Directus multilingual template for Next.js agency sites (EN / FR / ES)
Multilingual marketing sites usually pick one tool and force the other side to bend. CMS-only translations leave developers editing copy in admin; code-only translations leave marketers filing tickets to update a case study in Spanish. The Directus plus next-intl combination splits the surface by ownership: content goes to the people who write content, UI strings go to the people who write code, and the build pipeline stops being a single bottleneck.
Two translation surfaces, one site
UI strings (button labels, form errors, nav items) live in next-intl message catalogues under `messages/<locale>.json`. They change rarely, they need to be type-safe across the codebase, and developers iterate on them alongside the components they sit in. Content strings (case-study body, service descriptions, blog posts) live in Directus collections with a `translations` related collection; marketers edit them in admin without touching git.
The boundary is enforced by where the data is read from, not by a sync job. A component pulls UI strings via `useTranslations()` and content via the Directus SDK. That split keeps the workflows clean: a developer never needs to log into Directus to fix a typo in a button label, and a marketer never needs a pull request to update a French case study.

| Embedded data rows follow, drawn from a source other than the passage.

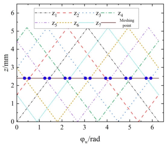 The horizontal line in the figure represents the displacement required for the oscillating teeth to enter the meshing state. When the displacement of the oscillating teeth is higher than the horizontal line, the oscillating teeth enter the meshing. In the contrary situation, oscillating teeth are disengaged. That is, the number of meshing teeth at the intersection of the horizontal line and the fold line changes.
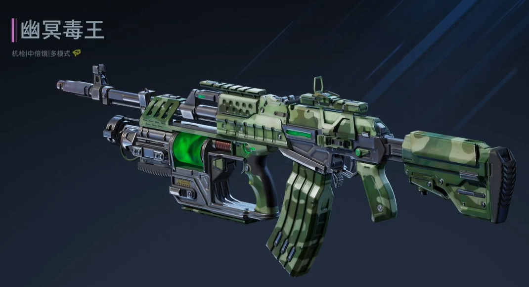然后是机枪这个方向的玩法。机枪流派的特点就是火力覆盖密集,适合中距离持续压制。推荐使用幽冥毒王这把机枪,搭配上暗夜之殇手枪做副武器。这把机枪输出能力强,而且自带毒素效果,打boss的时候能额外叠加一层debuff。手枪主要是用来补充近战能力的,因为机枪在近距离其实不太灵活。不过用机枪要注意一个问题,就是后坐力比较明显,连续射击的时候准星会往上飘,需要手动压一下枪口,不然很容易打空。但只要掌握了节奏,这套流派的输出是真的稳定。
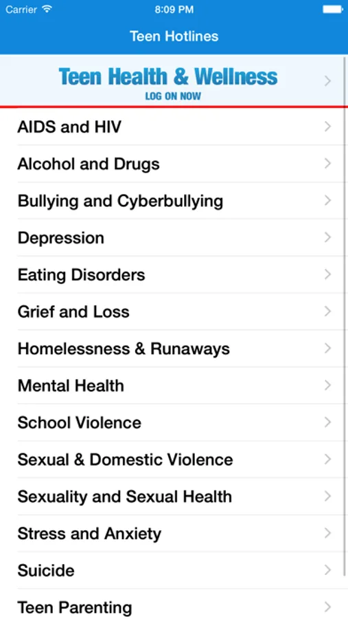 Teen Hotlines list hotlines, help lines, and web sites organized by subject. From school violence and depression to eating disorders and suicide, these national organizations can also refer teens to state and local services in their community. It is brought to you by the award-winning Web site, Teen Health & Wellness.
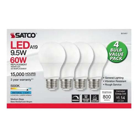 Satco S11417, A19 LED, 9.5W, 120V, 5000K Natural Light, 800 Lumens, Medium E26 Base, Frost Finish
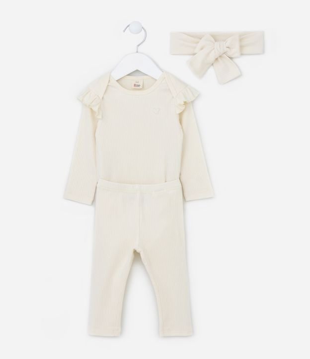Conjunto Infantil Canelado com Babados e Faixa de Cabelo - Tam 0 a 18 meses
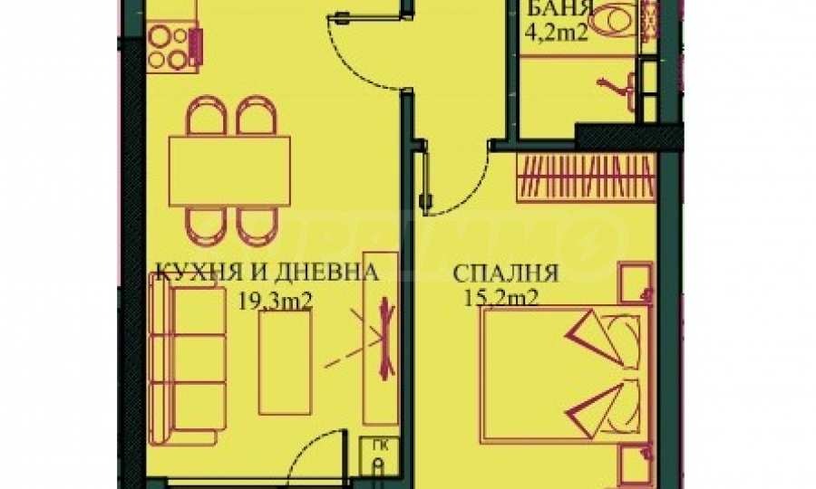 Имотът е разположен на 1-ви етаж и има 66.07 кв.м обща площ. Състои се от антре, всекидневна, спалня, килер, баня с тоалетна и градинска тераса с площ 4.96 кв.м.
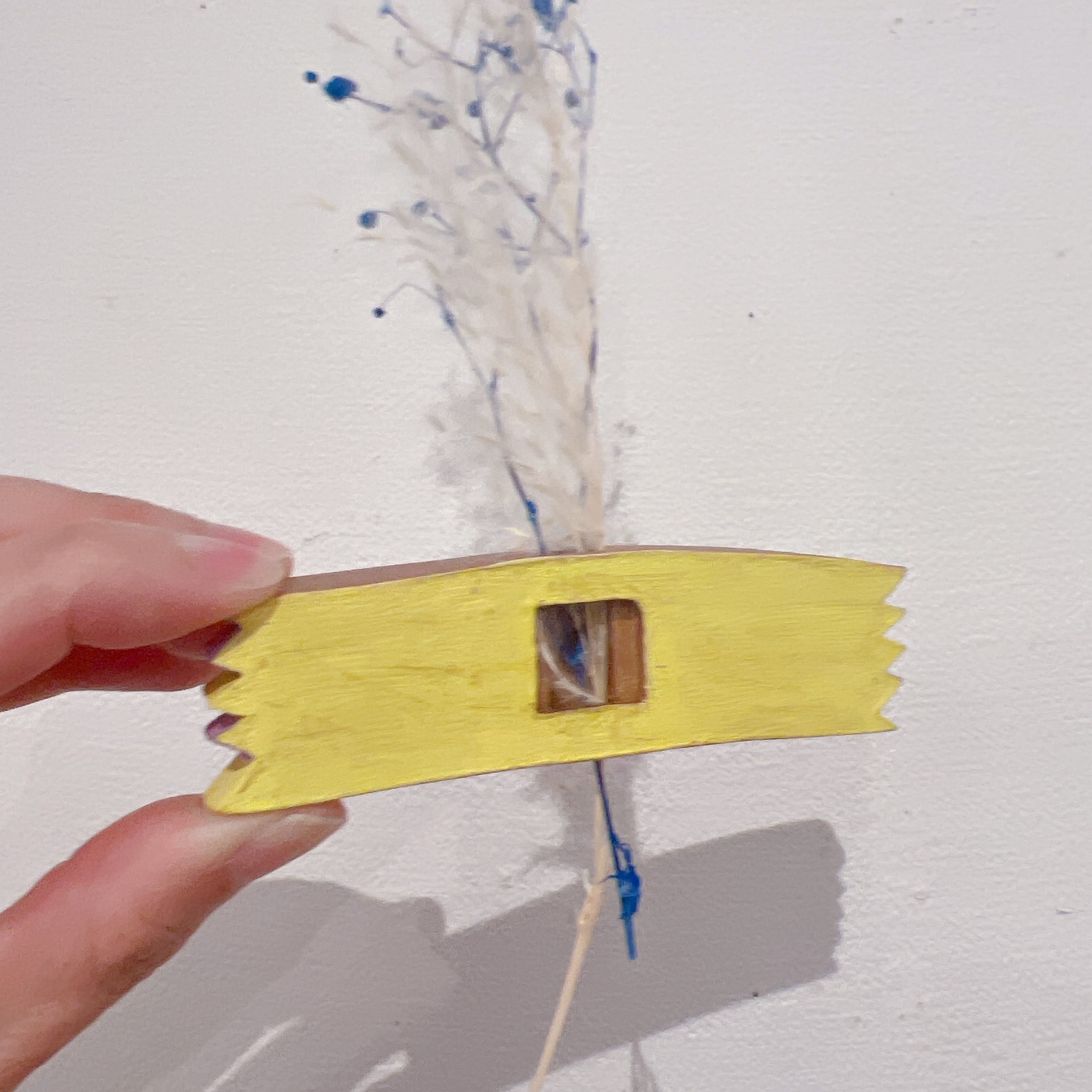 まるでマスキングテープでとめてドライフラワーを壁に飾っているように見える「3Dマスキングテープ」。
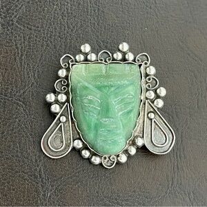 Vintage Mexican 900 silver carved jade warrior head brooch
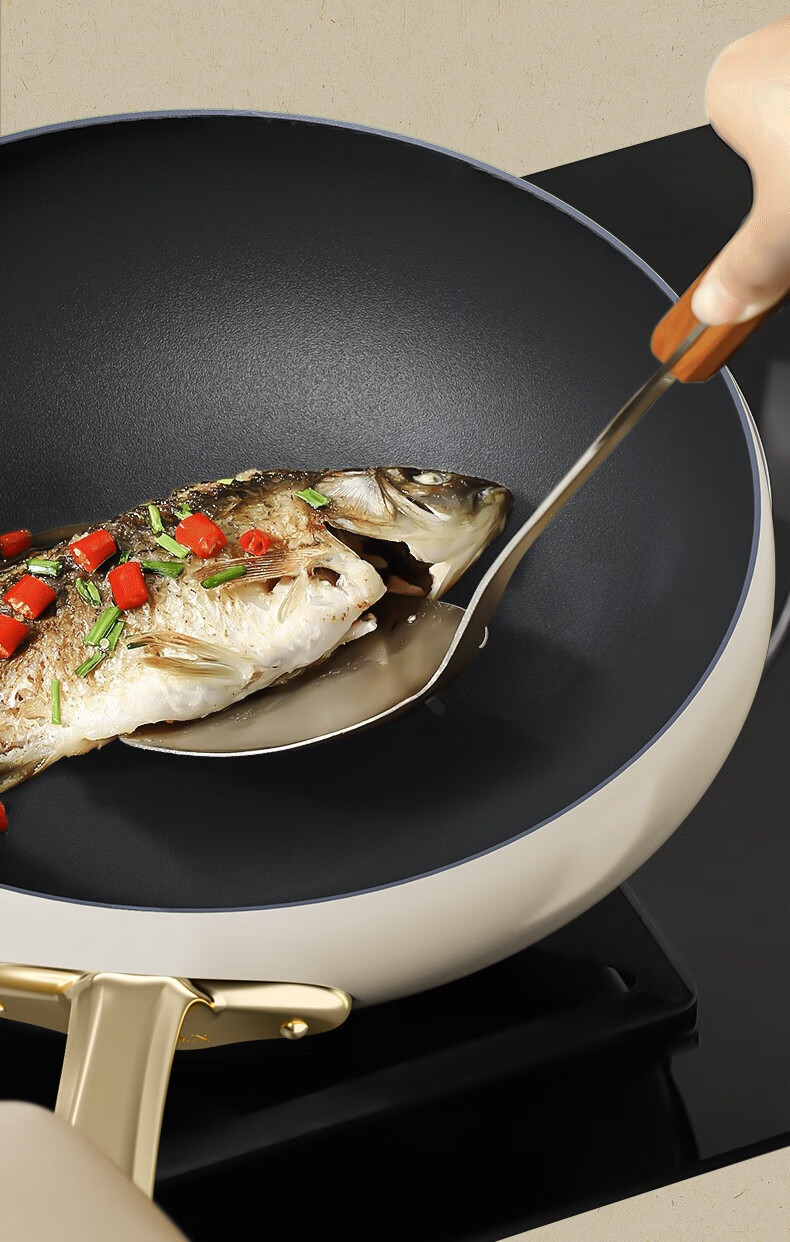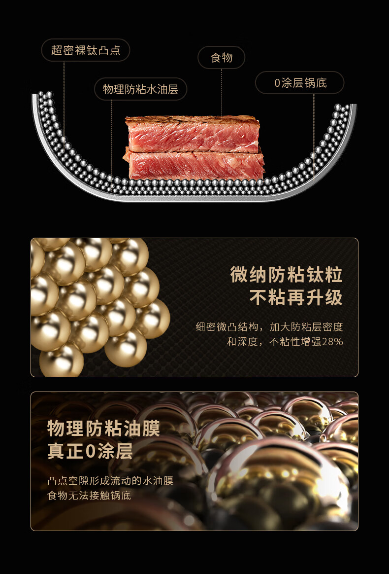 锅内表面细密微凸点阵,加大防粘密度,国标I级持久不粘。

How Directus translations actually work
Each Directus collection that needs translating gets a paired `<collection>_translations` collection with a `languages_code` field and the translatable fields. The admin UI surfaces a locale switcher inside each item, so editors edit French copy alongside the English source rather than navigating to a separate French version of the site.
Fetching from Next.js is a single query with the `translations` field expanded and filtered by the active locale. The typed Directus SDK keeps the response shape predictable; the Server Component receives an object with the locale-resolved fields already in place.
import { directus } from "@/lib/directus";
import { getLocale } from "next-intl/server";
export const revalidate = 600;
export default async function ServicePage({ params }: { params: { slug: string } }) {
const locale = await getLocale();
const [service] = await directus.request(
readItems("services", {
filter: { slug: { _eq: params.slug } },
fields: [
"slug",
"translations.title",
"translations.summary",
"translations.body",
],
deep: { translations: { _filter: { languages_code: { _eq: locale } } } },
limit: 1,
})
);
return <Service data={service.translations[0]} />;
}Per-locale SEO that does not leak across languages
Each locale variant of a page (e.g., `/en/services/seo`, `/fr/services/seo`, `/es/services/seo`) has its own metadata: title, description, OG tags, canonical URL pointing to itself. hreflang alternates declare the relationship to every other variant so Google understands these are not duplicate content.
The sitemap generator enumerates every locale variant of every CMS-driven page, joining the Directus collection list with the next-intl locale list. Structured data (Organization, FAQPage, BreadcrumbList) is generated per-locale where the field values change, so a Spanish visitor sees Spanish JSON-LD on a Spanish URL, not English JSON-LD on a Spanish nav.
Adding a fourth locale without rewriting
Adding a new language is three steps: add the locale code to next-intl config, add the locale row to Directus's `languages` collection, and start translating. Routing automatically expands to `/de` (or whatever code you added) on the next deploy; existing collections accept the new locale immediately. The trickier part is finding translators, not the technical change.
RTL languages (Arabic, Hebrew) are not in the default locale set but are supported in principle. You would flip the document `dir` attribute in the locale layout and audit the components for RTL-friendly layout. The template does not pretend RTL support is free; that audit is documented as a known scope of work for buyers who need it.